Prof. R. A. C. E. Achara had a slightly different standpoint on the matter.
“Quality of delivery from any top court is more a function of individual depth than it is a matter of the number of justices.
“Indeed, the evidence suggests that where the best thinkers are watered down by a flotilla of shallower sailing vessels, the plurality rule for the identification of the court’s position tends to thus prioritize as precedent what should rather have deferred to the minority.
“Again, a larger pool of top court justices, unless all entitled to sit over all appeals, leaves the outcome of disputes to the vagaries of the presiding adjudicator who has the final say on the composition of particular panels. In times and jurisdictions where few elite schools and traditions tend to determine recruitment and thus substantially guarantee a certain uniformity of views and standards, this somewhat capricious power might be of little moment. In jurisdictions where faith has been shaken and trust no longer taken for granted, this power of selection is potentially even more system destructive when it is joined with hasty flooding of the court merely to anticipate election appeals.
“Again, and perhaps a bit counterintuitively, a fewer member Supreme Court with the most perceptive thinkers would probably create at least 2 conditions better than when that court runs on diluted membership numbers beyond a total of, say, 7 or 9.
“In the one, the court would better appreciate its role as essentially the setter of position for lower courts and for general guidance of the legal system as a whole. So understood and with the resultantly less inconsistency of its decisions, there’ll be substantially less number of cases that would, as seems the case now, gamble their way up the judicial ladder to our top court.
“This is because people would be reasonably sure of what the courts would do in litigations and the consequences in damages and costs of wasting time on unfounded flights of fancy where the philosophy if not immediate facts have long been established in the other direction.
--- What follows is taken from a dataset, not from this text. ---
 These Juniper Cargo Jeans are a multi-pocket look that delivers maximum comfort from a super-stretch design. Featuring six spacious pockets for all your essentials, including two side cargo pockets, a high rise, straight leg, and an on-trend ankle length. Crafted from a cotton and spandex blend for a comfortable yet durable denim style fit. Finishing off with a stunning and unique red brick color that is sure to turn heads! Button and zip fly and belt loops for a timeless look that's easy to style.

“On the other, for the fewer cases that will come upstairs as a result of a legally or factually well-founded need for clarification or for reform, a leaner brighter number in any top court is more likely able to deal with and agreeably dispose of more appeals than when a bloated number of less-resourced justices have been appointed to bog down the court by the additional but counterproductive weight of unnecessary numbers.”